Empirical validation of the Horowitz Multiple Systemic Infectious Disease Syndrome Questionnaire for suspected Lyme disease.

Author information

1
Department of Psychology, State University of New York at New Paltz, New Paltz, NY.
2
Hudson Valley Healing Arts Center, Hyde Park, NY, USA.

Abstract

PURPOSE:

Lyme disease is spreading worldwide, with multiple Borrelia species causing a broad range of clinical symptoms that mimic other illnesses. A validated Lyme disease screening questionnaire would be clinically useful for both providers and patients. Three studies evaluated such a screening tool, namely the Horowitz Multiple Systemic Infectious Disease Syndrome (MSIDS) Questionnaire. The purpose was to see if the questionnaire could accurately distinguish between Lyme patients and healthy individuals.

METHODS:

Study 1 examined the construct validity of the scale examining its factor structure and reliability of the questionnaire among 537 individuals being treated for Lyme disease. Study 2 involved an online sample of 999 participants, who self-identified as either healthy (N=217) or suffering from Lyme now (N=782) who completed the Horowitz MSIDS Questionnaire (HMQ) along with an outdoor activity survey. We examined convergent validity among components of the scale and evaluated discriminant validity with the Big Five personality characteristics. The third study compared a sample of 236 patients with confirmed Lyme disease with an online sample of 568 healthy individuals.

RESULTS:

Factor analysis results identified six underlying latent dimensions; four of these overlapped with critical symptoms identified by Horowitz - neuropathy, cognitive dysfunction, musculoskeletal pain, and fatigue.
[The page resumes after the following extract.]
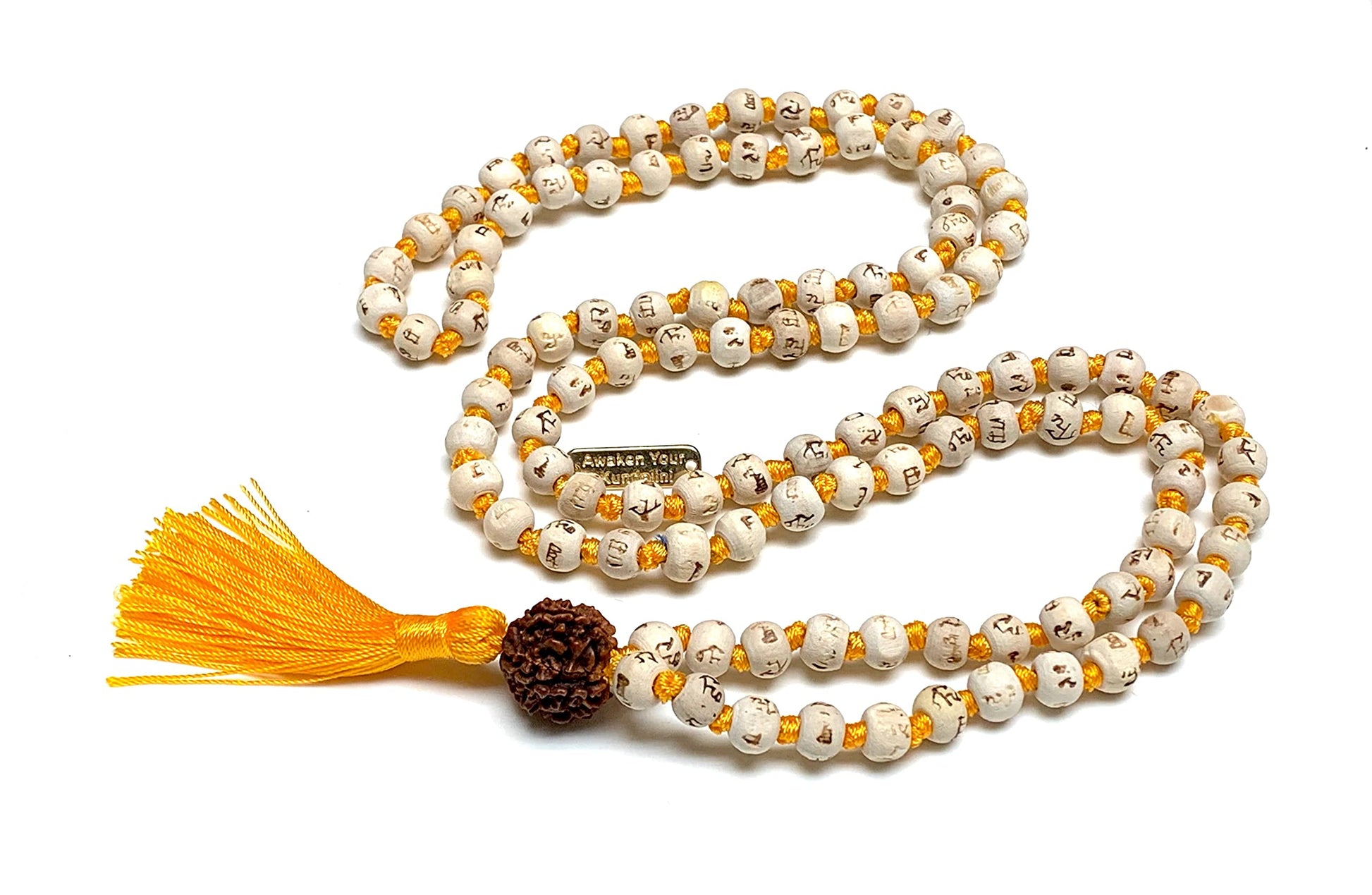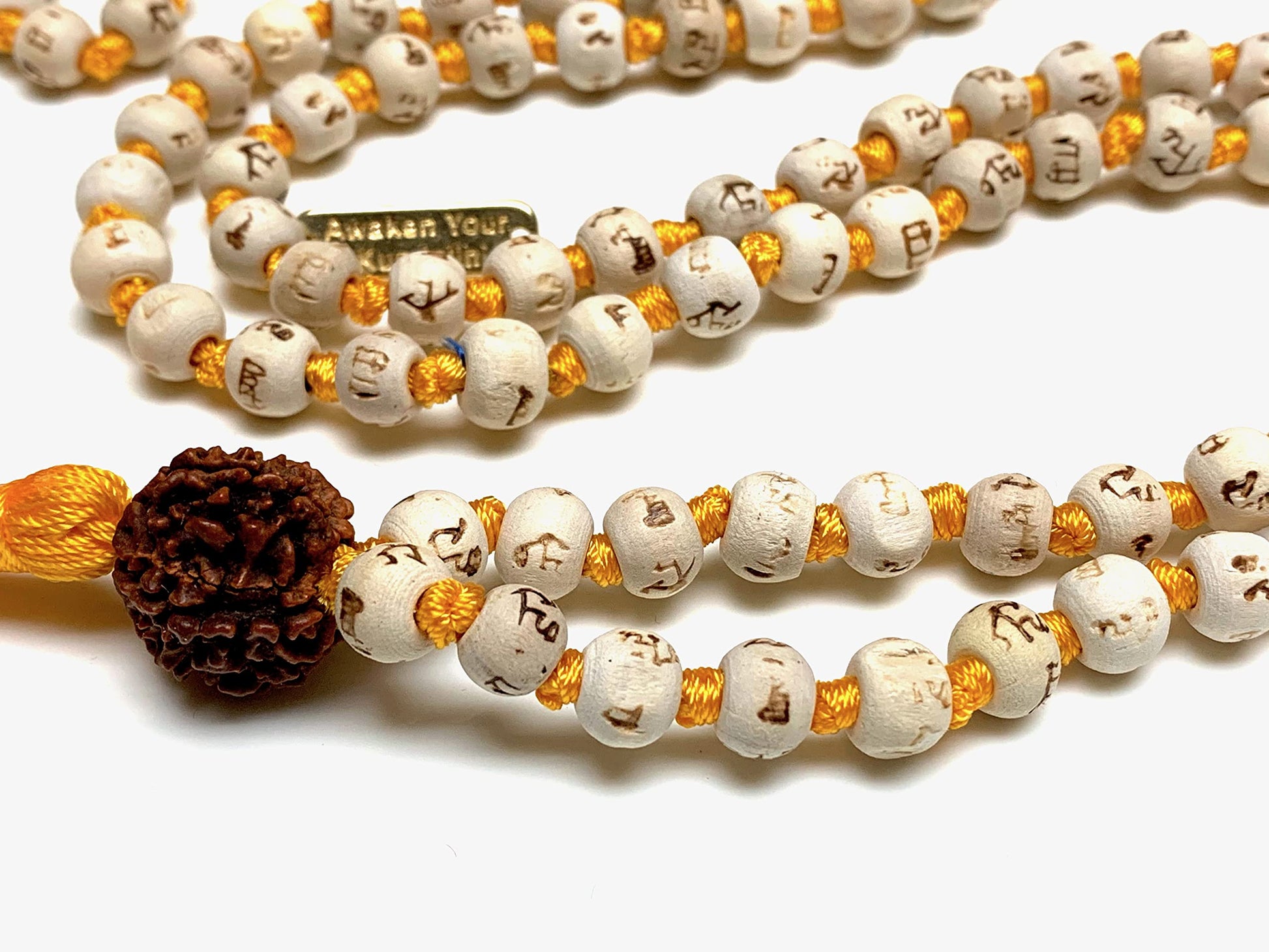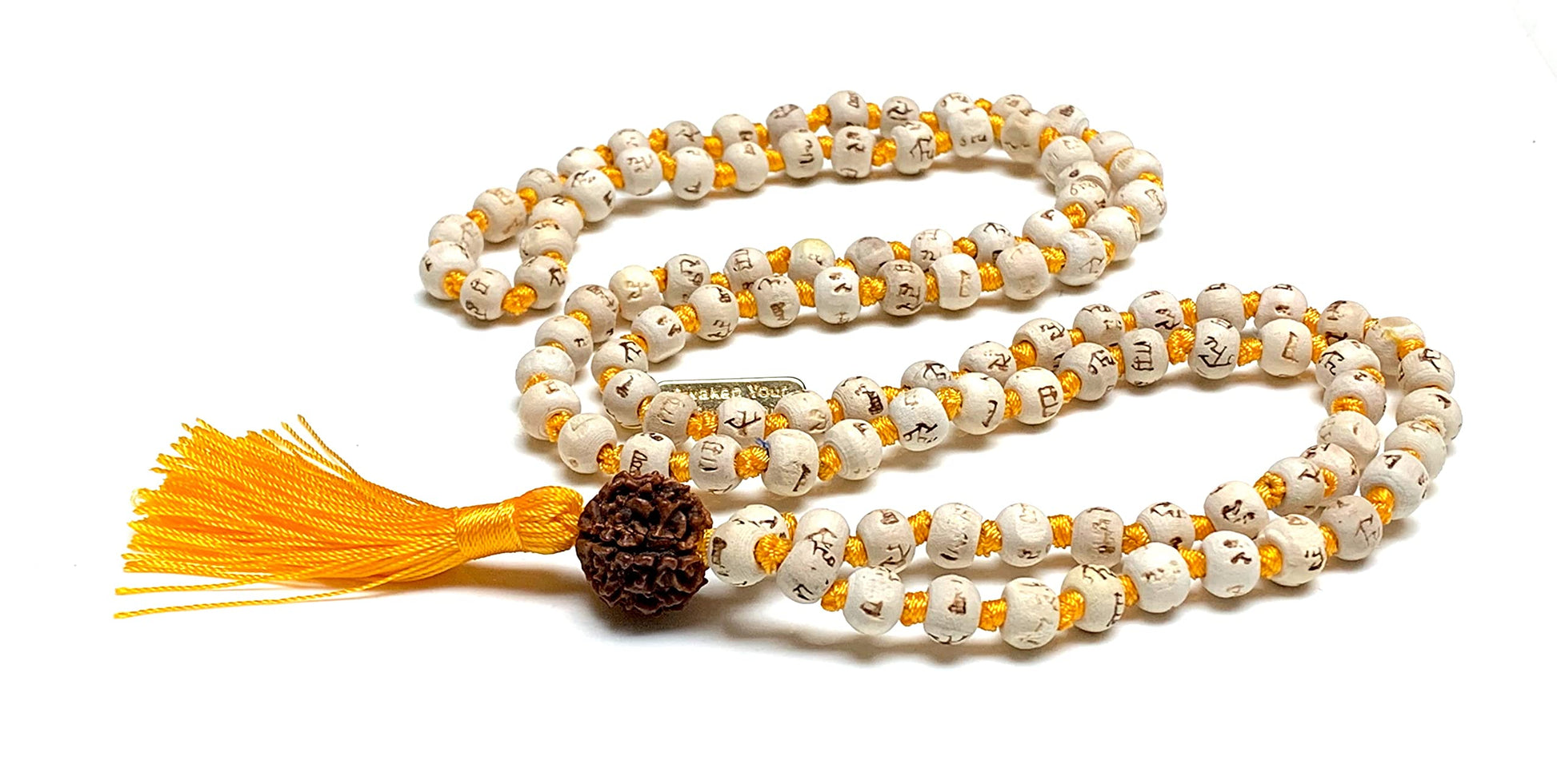 - Hand Knotted in USA. Product Specifications: Material: 8mm Tulsi beads, 5 Mukhi Rudraksha as Guru or Meru Bead Length: Standard mala length with 108 beads Chakras: Heart Chakra (Tulsi) and Sacral Chakra (Rudraksha) Packaging: Securely packaged to ensure safe delivery

The HMQ showed acceptable levels of internal reliability using Cronbach's coefficient alpha and exhibited evidence of convergent and divergent validity. Components of the HMQ correlated more highly with each other than with unrelated traits.

DISCUSSION:

The results consistently demonstrated that the HMQ accurately differentiated those with Lyme disease from healthy individuals. Three migratory pain survey items (persistent muscular pain, arthritic pain, and nerve pain/paresthesias) robustly identified individuals with verified Lyme disease. The results support the use of the HMQ as a valid, efficient, and low-cost screening tool for medical practitioners to decide if additional testing is warranted to distinguish between Lyme disease and other illnesses.

KEYWORDS:

Babesia; Borrelia burgdorferi; Lyme disease; MSIDS; Multiple Systemic Infectious Disease Syndrome; PTLDS; Post-Treatment Lyme Disease Syndrome; factor analysis

Conflict of interest statement

Disclosure Dr Phyllis R Freeman is a senior researcher and Dr Richard Horowitz is an owner and medical practitioner at the Hudson Valley Healing Arts Center, which specializes in the treatment of Lyme disease. Dr Richard Horowitz is also an author of the 2013 book, Why Can’t I Get Better? Solving the Mystery of Lyme and Chronic Disease and the 2017 book How Can I Get Better? An Action Plan for Treating Resistant Lyme & Chronic Disease from St. Martin’s Press. The authors report no other conflicts of interest in this work.